人生を懸けるに値するもの
「……嘘だ」
実さんの話が終わり、重い沈黙が訪れた。それぞれの中で、内容を整理し、考えている。そんな間だった。
沈黙を破ったのは、呻くようなノリの声だった。
「嘘だ。僕が外に出られるよう、準備をしていた? そんなわけがない……父さんは、僕のことなんか嫌いだったはずだ!」
一人称が僕に戻っている。やはり無理をしていたのだ、と思う。一番、残虐な遺伝子を信じていたのは、そんなものが存在すると信じたかったのは、他ならぬノリだったのだ。

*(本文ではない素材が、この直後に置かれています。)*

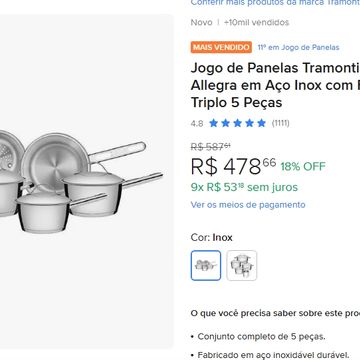 Jogo de Panelas Tramontina Antiaderente 10 peças
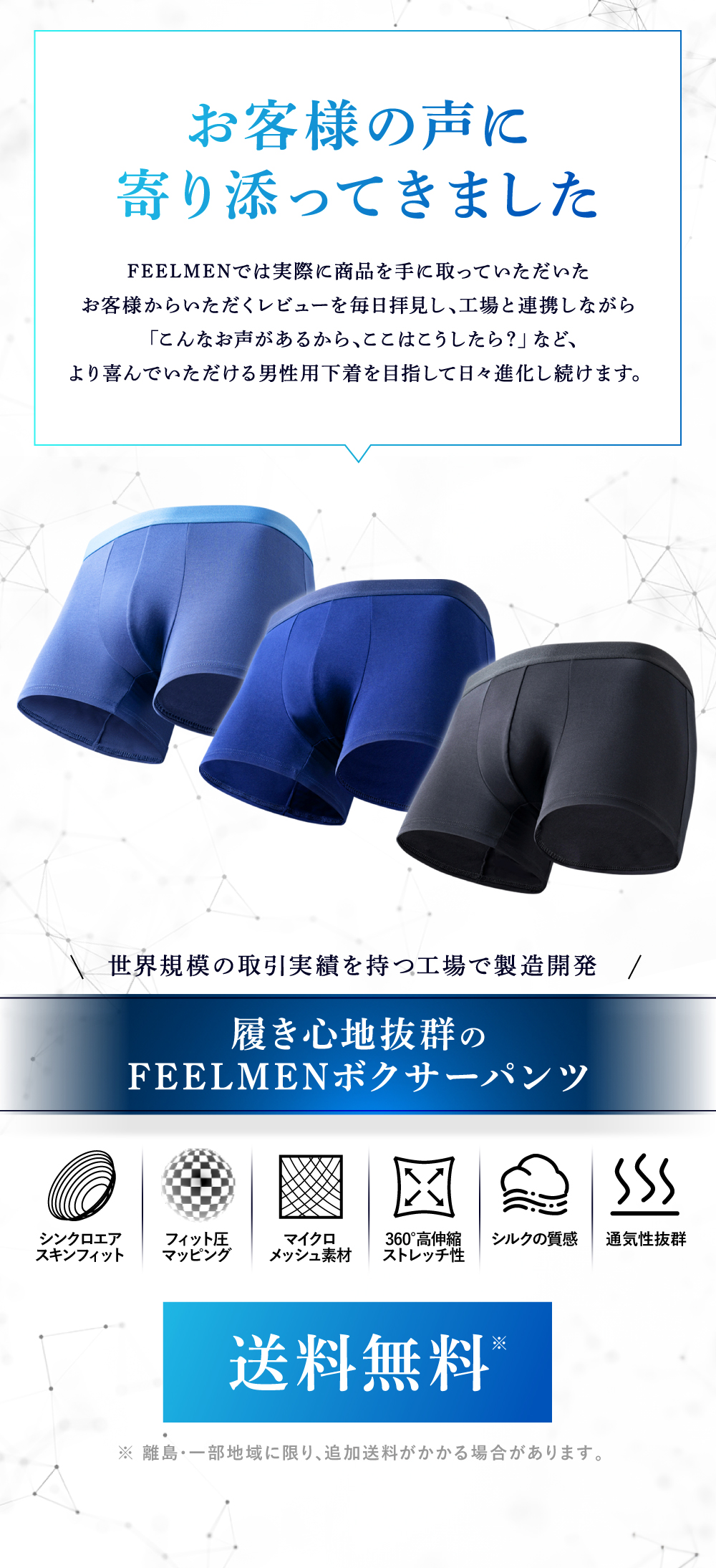 ■男性特有の蒸れやすい肌質を研究し、吸湿性に優れたマイクロメッシュ素材を採用!通気性抜群で、蒸れにくさと履き心地を両立しました。

残虐な遺伝子があるから、自分は虐げられた。残虐な遺伝子があるから、母を殺すことができた。母が殺されるに至ったのは、親の責任を放棄し、自分を閉じ込めようとした父のせいだ。
残虐な遺伝子という、意思がなく、自分ではどうしようもできないもの。父という、既にこの世にいない、物言わぬ存在。
それらのせいにしてしまうことが、一番楽なのだ。間違いなく、自分は被害者でいられるから。

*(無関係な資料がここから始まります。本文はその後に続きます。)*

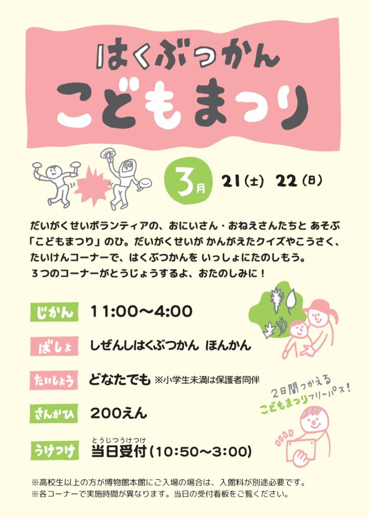 3月21日(土)、22日(日)「はくぶつかん こどもまつり」
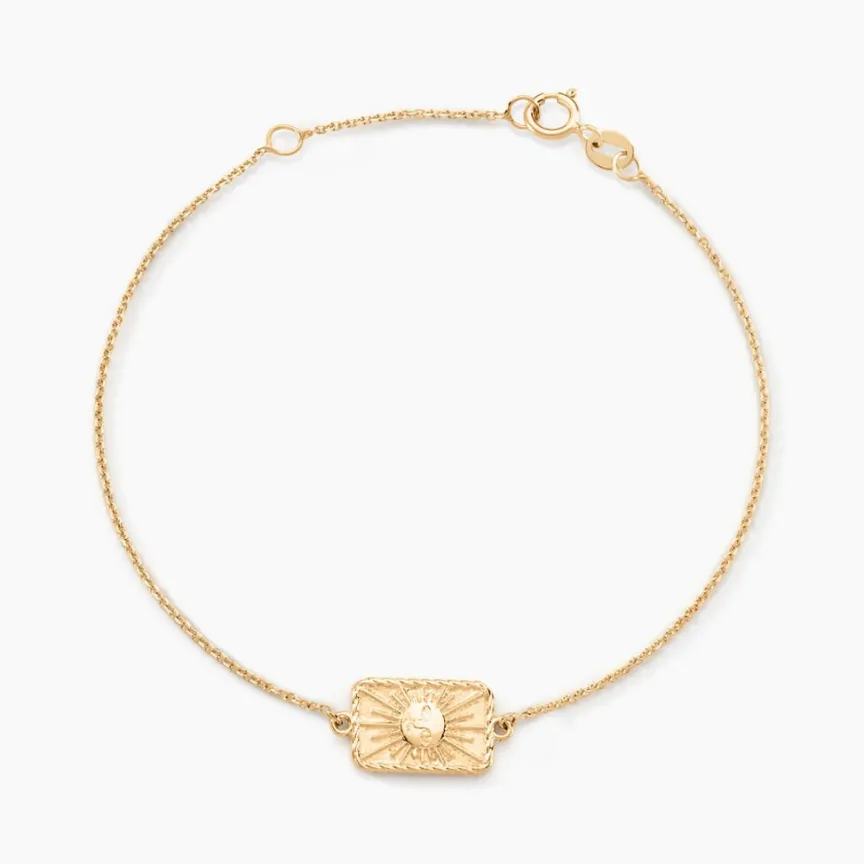 Bracelet Or Jaune 375/1000 Soleil Plaque Rectangle Maille Jaseron 16+2cm

そんなノリを駄目だとか、醜いとかはまったく思わない。自分を守るために必要なことだったのだと思うからだ。
僕には想像することしかできない。クローンだから仕方ないと諦めてきた人並みの人生を、実はクローンに奪われていたと知り、激昂し、実の母を殺害した、ノリの心情を。強がれば強がるほど、痛々しく見えるそのボロボロの心を。
でも僕は、他の人と比べれば、想像することができるはずだ。だって僕は、ノリから生まれた。

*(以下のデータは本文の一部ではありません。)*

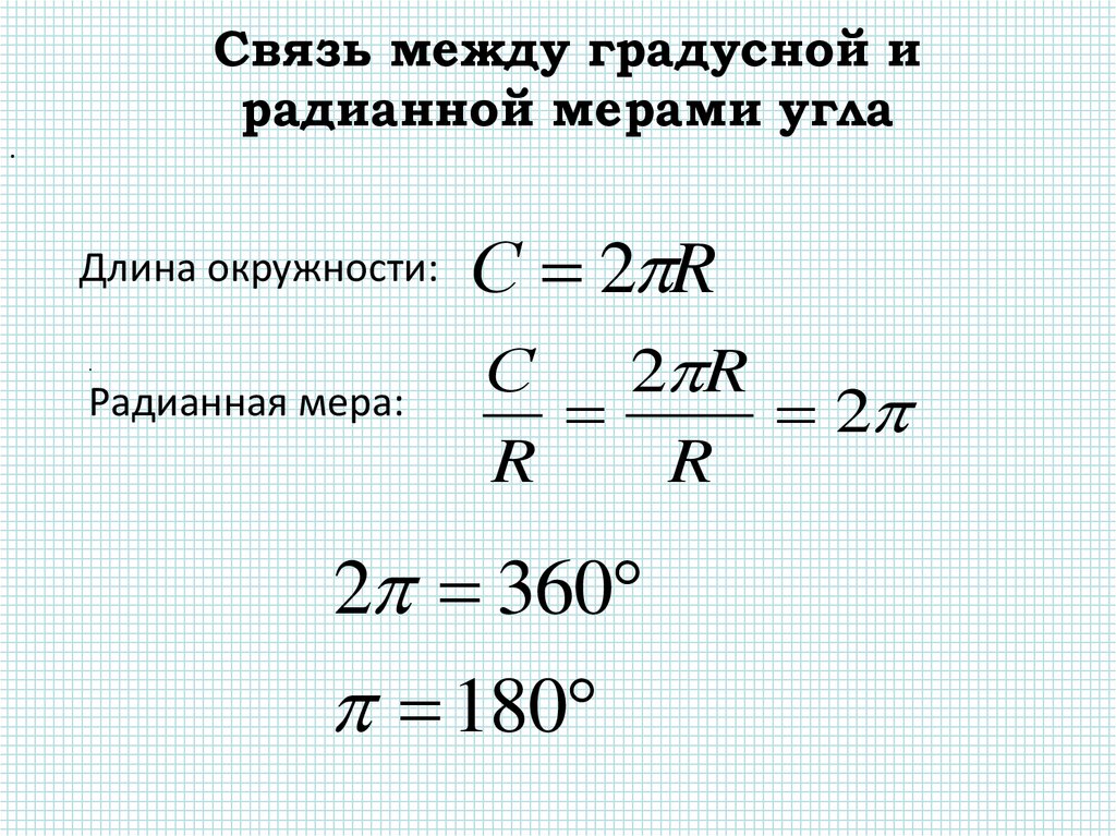 Связь между градусной ирадианной мерами угла

「……ノリ。嘘かどうかは、すぐに分かるよ。……そうですね? 実さん」
「……ええ」
実さんが頷く。
「奥の資料室に案内するわ。本当は、私と文昭さん以外は入ってはいけないんだけど……まあ、そんなことは今更ね。タツくんとノリくん、それから優さんに関する研究の資料や……文昭さんが一生を懸けて遺そうとした、ノリくんのためのマニュアルも、そこにある。結局、完成させることはできなかったけど……」
実さんの視線が空中を漂う。どこか遠くを見ているようだ。最後まで成し遂げることができなかった父のことを――愛しい人のことを、想っているのかもしれない。
「見てもらえれば、分かると思う。文昭さんは、本当に……あなたたちを愛していた。私にとっては、恋敵みたいなものなのよ、実際。文昭さんが、あなたたちのことなんてどうでもいいと思っていたら、私は文昭さんと一緒になれたはずだもの」
冗談めかした調子ではあるが、嘘というわけでもなさそうだ。実さんは、それこそ人生を懸けて、城戸文昭という人を愛したのだ。
実さんが人生を懸けて愛した城戸文昭が、人生を懸けて遺そうとしたもの。
僕には、そのすべてを見届ける使命がある。